Advanced Ceph Capacity Planner
Raw Capacity (Marketing TB):0 TB
Raw Capacity (Ceph TiB):0 TiB
Usable Capacity (Net):0 TiB
Safe Capacity (80% + N-1 Reserve):0 TiB
Efficiency:0 %
Explanation of Settings
To ensure your Ceph cluster planning is successful, it is important to understand the technical parameters used in this calculator:
- Unit Basis (TB vs. TiB): Hard drive manufacturers use decimal Terabytes (Base 1000). However, Ceph and operating systems calculate in binary Tebibytes (Base 1024). A “12 TB” drive provides only about 10.9 TiB of raw capacity in Ceph.
- Redundancy Mode: * Replication: Creates full copies of your data (Standard: 3x). Highly performant and simple, but expensive (33% efficiency).
- Erasure Coding (EC): Breaks data into chunks ($k$) and adds parity chunks ($m$). Much higher efficiency (often > 60%), but requires more CPU resources.
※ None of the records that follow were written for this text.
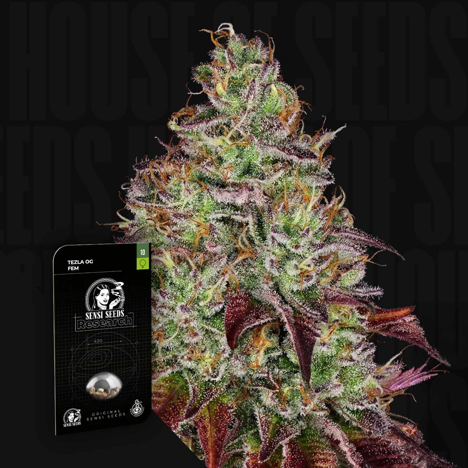 Tezla OG es un híbrido con fuerte influencia Indica, creado por Sensi Seeds, que combina las mejores cualidades de sus parentales: Hash Plant, Shiva Skunk y SFV OG. Esta variedad presume de una estructura robusta, con un crecimiento compacto propio de una Indica, pero desarrollando cogollos cónicos, típicos de una Sativa. Con un tiempo de floración de aproximadamente 56 a 65 días, es una variedad de maduración media-rápida, que ofrece rendimientos de medios a altos. Las plantas son igualmente aptas para el cultivo interior y exterior, y prosperan en climas templados a continentales. Durante su crecimiento, Tezla OG desarrolla ramas fuertes y produce cogollos densos y resinosos con un aroma distintivo. Este aroma combina notas especiadas y terrosas con toques cítricos y la clásica influencia Skunk.
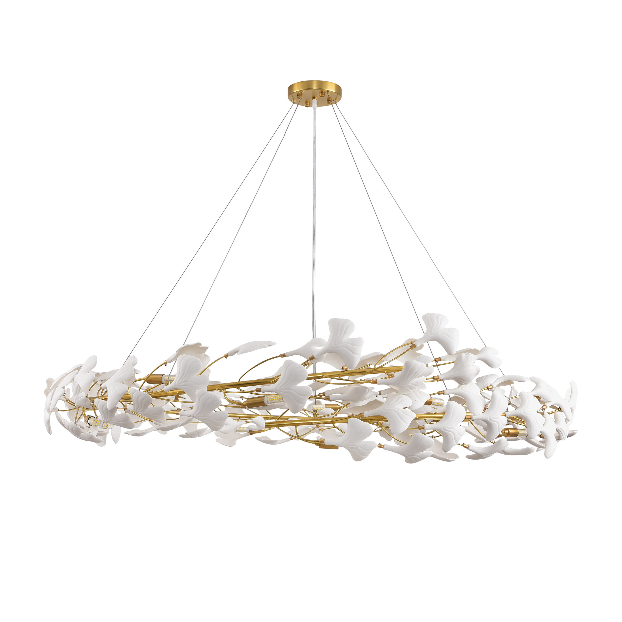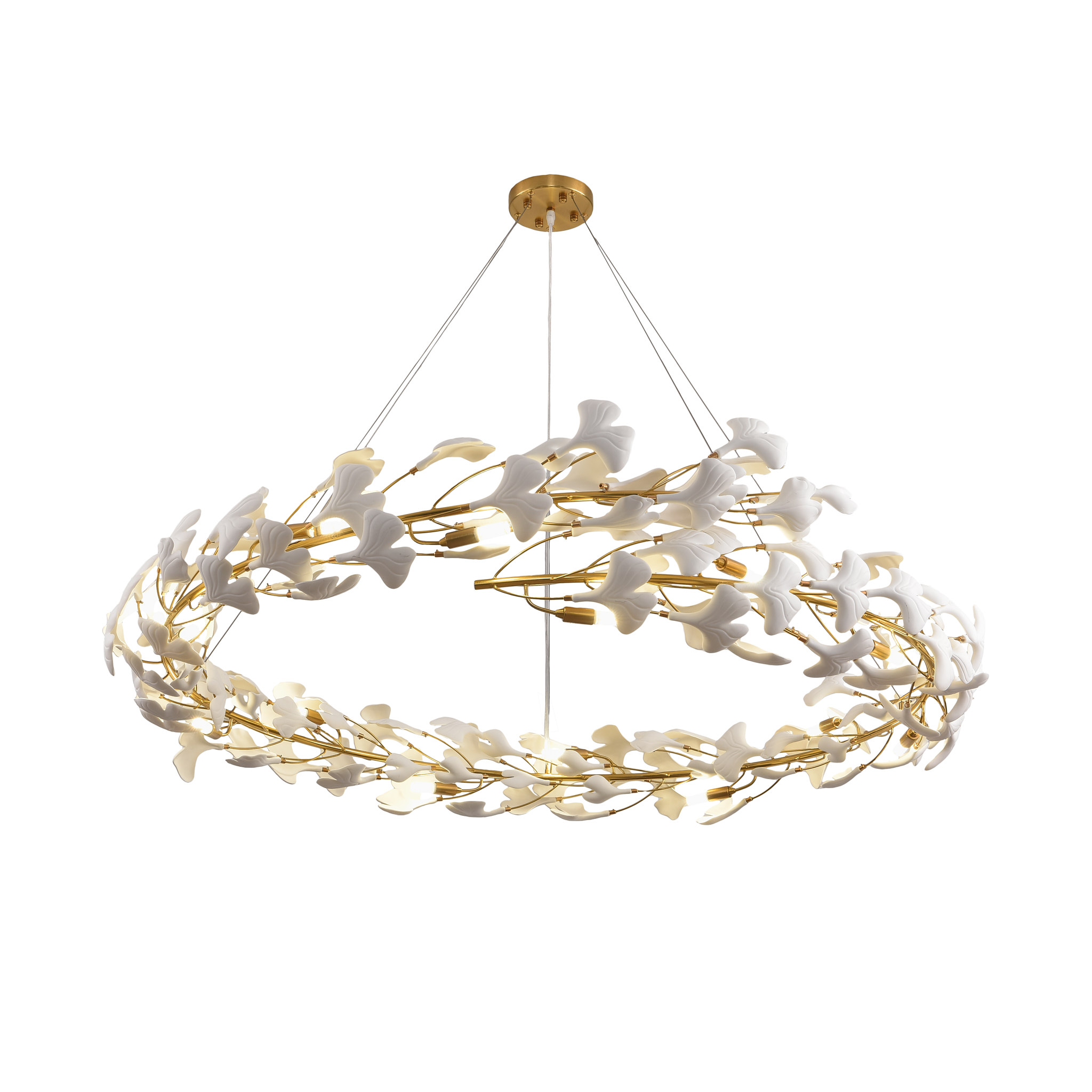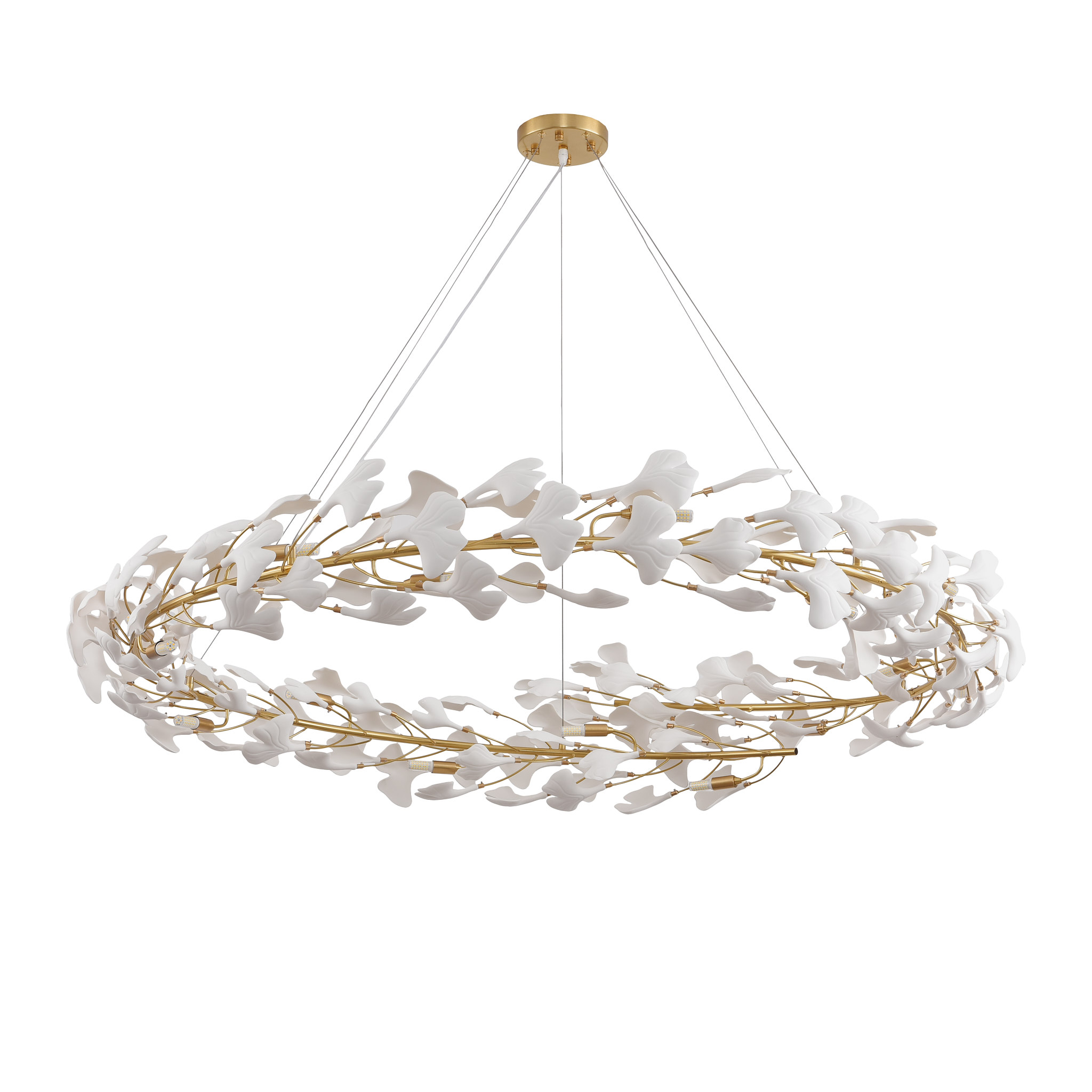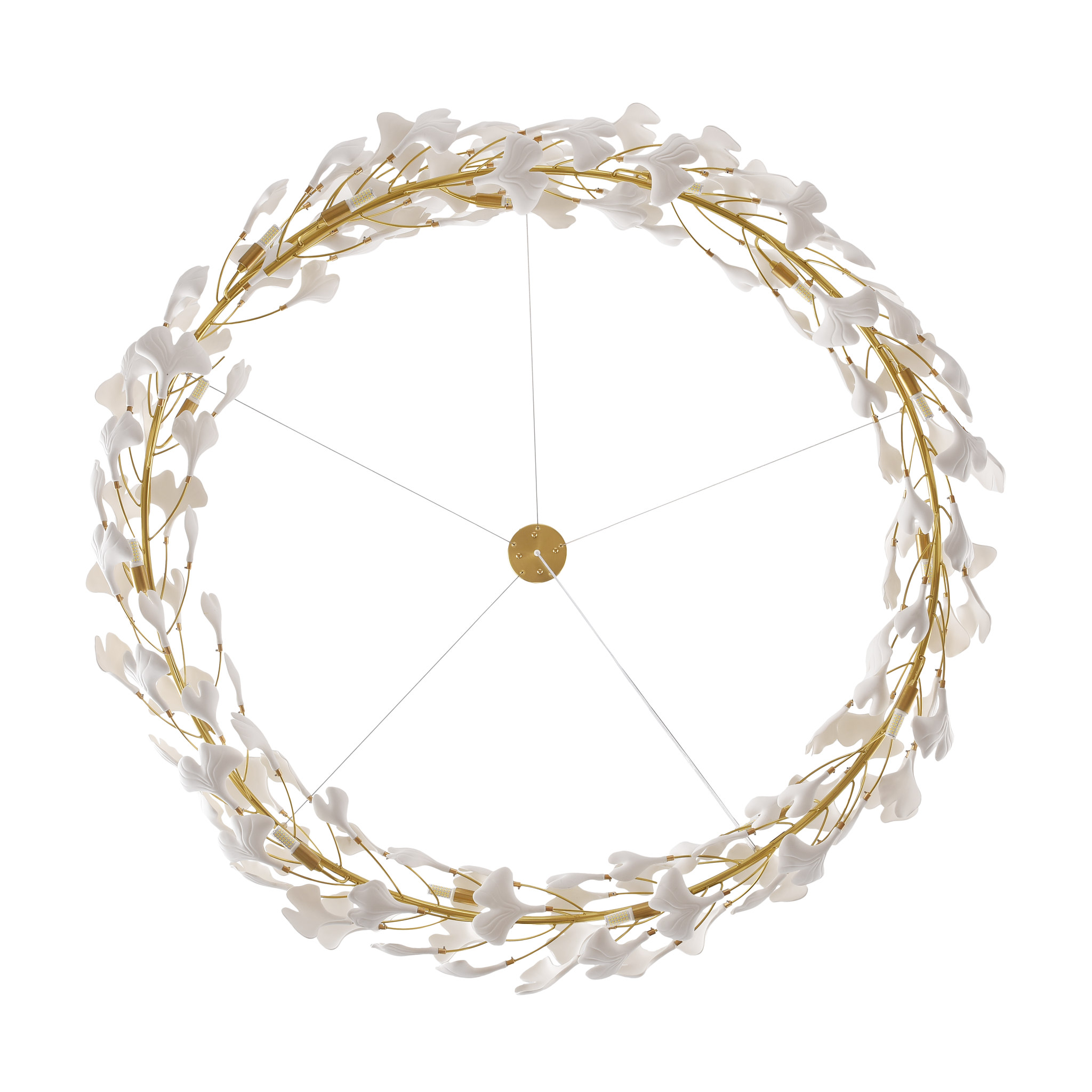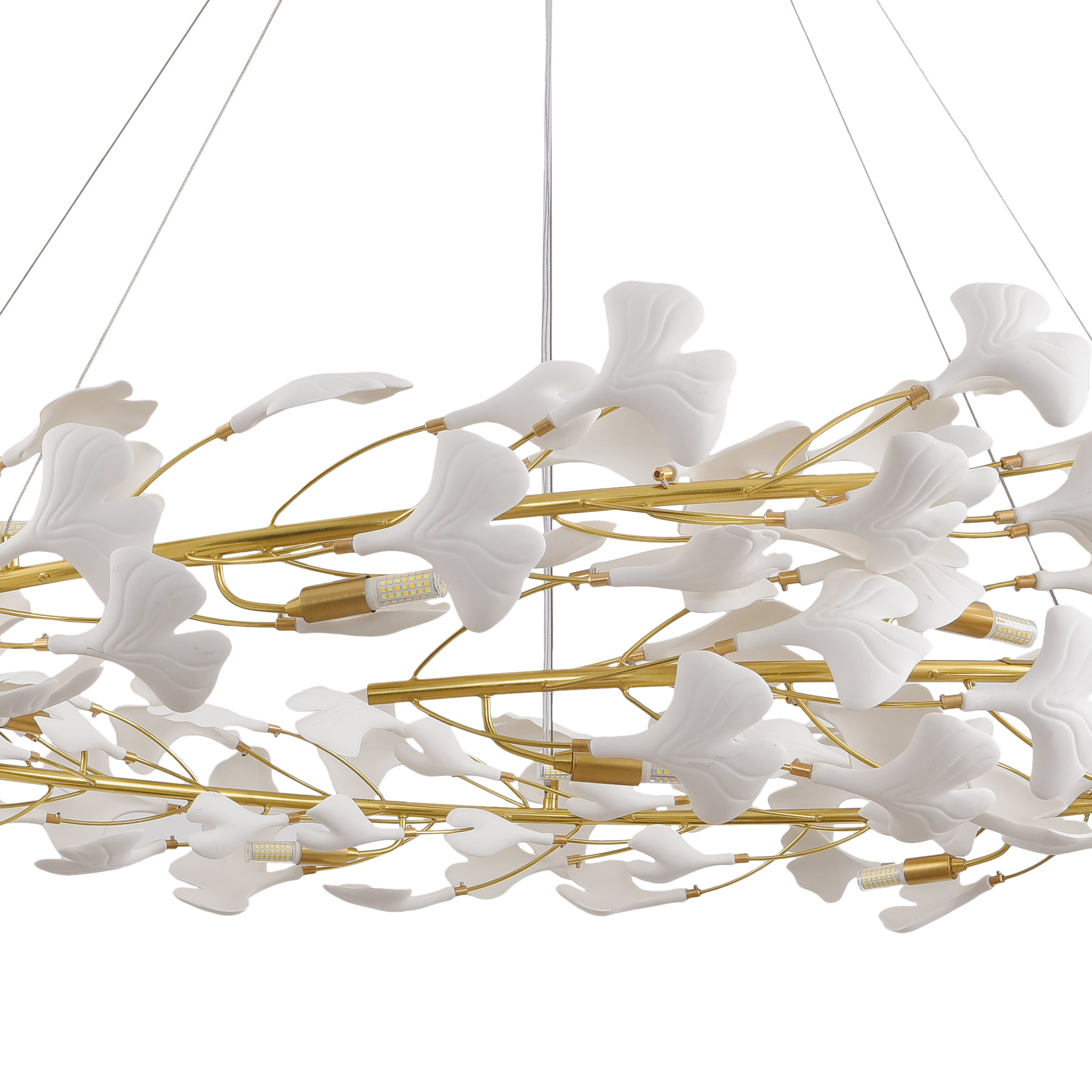 Lampa wisząca BOTANIKA 150 to niezwykła kompozycja światła i formy, inspirowana naturą i sztuką. Jej wyjątkowy projekt bazuje na motywie liści Ginkgo – symbolu długowieczności i harmonii – które zostały misternie odwzorowane z matowej, białej ceramiki. Delikatne listki oplatają metalowy stelaż w kolorze polerowanego złota, tworząc efektowny, przestrzenny wieniec.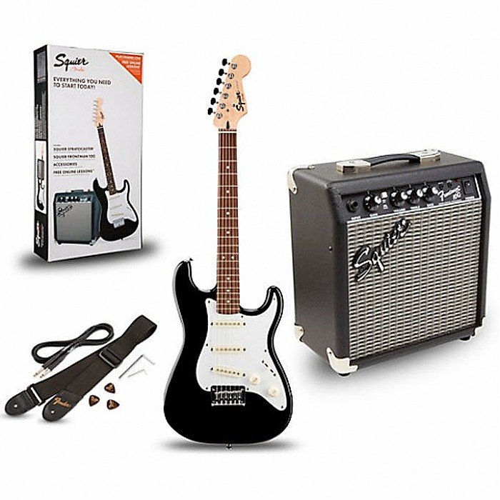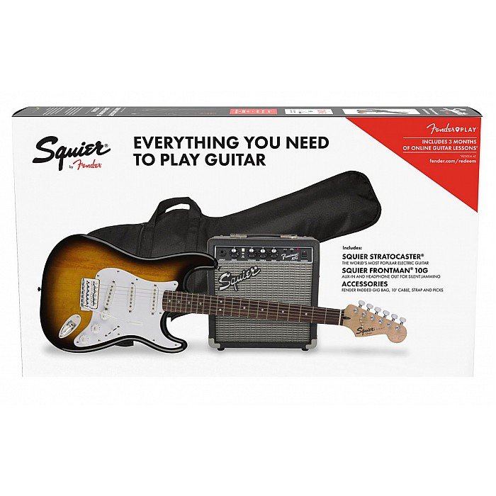 The instrument of choice for beginners, the Squier Strat Pack has everything you need to get started. The Stratocaster is ideal for players just starting out and provides a comfortable gaming feel. With a lightweight body, a vintage-style tremolo bridge for a classic feel and three single-coil pickups for classic Strat tones.

- N-1 Reserve: In a healthy cluster, there must always be enough free space to allow the data from the largest node to be redistributed to the remaining servers in the event of a failure (Self-Healing).
- Safe Fill Ratio (80%): Ceph should never be filled to 100%. At 85% (“Nearfull”), performance drops drastically. At 95% (“Full”), Ceph stops all write operations to prevent data corruption.
What is Ceph?
Ceph is an open-source software-defined storage solution designed to run on standard hardware (commodity servers). Instead of buying a single, expensive storage filer, Ceph connects many individual servers (nodes) into one massive storage pool.
The core advantages of Ceph are:
- No Single Point of Failure: If a server or a disk fails, the data remains available.
- Unlimited Scalability: You can add new nodes at any time while the system is running.
- Self-Healing: The system detects errors automatically and restores the desired redundancy without manual intervention.
Best Practices for Maximum Efficiency
Planning a cluster is always a balance between cost (efficiency), security, and performance.
How many nodes are required?
- Replication (3x): You need at least 3 nodes. With only 2 nodes, a single failure would leave you with no copy to “heal” the cluster back to health.
- Erasure Coding: The rule of thumb is $k + m + 1$ nodes. For an EC 4+2 profile (4 data chunks, 2 parity chunks), you should plan for at least 7 nodes. This way, one entire server can fail, and Ceph still has enough “targets” to redistribute the data in a $4+2$ scheme.
Efficiency Comparison
| Strategy | Min. Nodes (Recommended) | Efficiency (Net/Raw) | Security |
| Replica 3x | 3 | 33.3% | High (Fast recovery) |
| EC 2+1 | 4 | 66.7% | Medium (1 failure tolerated) |
| EC 4+2 | 7 | 66.7% | Very High (2 failures tolerated) |
| EC 8+3 | 12 | 72.7% | Extremely High |
Tips for Building Your Cluster
- Uniform OSD Sizes: Whenever possible, use hard drives of the same size. Ceph fills OSDs based on percentage. If you mix sizes (e.g., 4 TB and 12 TB), the small drives will fill up much faster, which can block the entire cluster.
- Network Bandwidth: 10 GbE networking is the absolute minimum for Ceph. In the event of a disk failure, Ceph must copy terabytes of data across the network. A 1 GbE network would become an immediate bottleneck and cripple your application performance.
- OSD Distribution: Aim for about 10 to 15 OSDs (disks) per node. Having too many disks in a single server increases risk: if that one server fails, the network must compensate for a massive amount of data all at once.